More specifically, this invention relates to a zener diode having a very accurately predictable breakdown voltage, which can be consistently produced under commercial production conditions. It also relates to a unique device configuration which, when incorporated in an integrated circuit, shares an electrode in common with a bipolar transistor or an IGFET.
A zener diode is a solid state device having two contiguous regions of opposite conductivity type and a PN junction at the interface of the two regions. Typically one of the regions is more lightly doped than the other, and is the region chiefly affecting breakdown voltage of the PN junction. Small variations in the doping level in this latter region can produce undesirably large variations in breakdown voltage of the PN junction. Commercial diffusion practices simply are not controllable enough to avoid such small variations from one diffusion run to another. Moreover, such variations are frequently found among slices in the same diffusion run, and even across the face of a given slice. Analogously, uniformity in such lighter doping is difficult to obtain when growing monocrystalline bodies and forming epitaxial layers. This results in lower yields of zener diodes having the breakdown voltage desired. Lower yields of a device having the intended characteristics will ordinarily increase the manufacturing cost of that device. In addition, the lower yields may even make it economically impractical to incorporate that device in an integrated circuit.
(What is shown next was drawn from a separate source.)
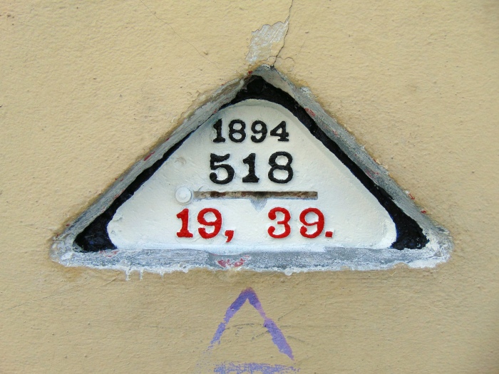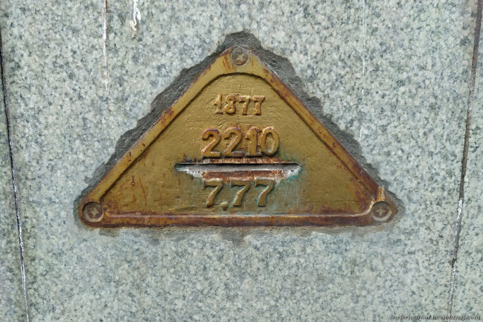 На фасадах зданий есть много всего интересного, что может рассказать современным людям об истории этих зданий. Одна из таких вещей — загадочные треугольники. Первое, о чём можно подумать, что это отметка какого-нибудь очередного затопления. Но всё совсем не так. Они соверешенно разные, имеют разнообразные формы от круглых до треугольных и на самом деле обозначают высоту над уровнем моря. В России высота определяется относительно Кронштадтского футштока, то есть по Балтийскому морю. Это — нивелирная марка.

I have discovered a new zener diode that is unaffected by small variations in original or diffusion doping but which is readily produced with currently available commercial production techniques. Accurately predetermined breakdown voltages can thus be consistently obtained under commercial production conditions. Moreover, my zener diodes can be readily incorporated in both bipolar transistor and IGFET integrated circuits. Thus, integrated circuits can be readily made that include zener diodes with accurately predetermined breakdown voltages. My zener diode can share an electrode and even a region in common with a transistor receiving its overvoltage protection. Such use of my zener diode is an integrated circuit reduces the number of electrode connections, as well as the integrated circuit area otherwise needed. This, of course, increases reliability and reduces cost.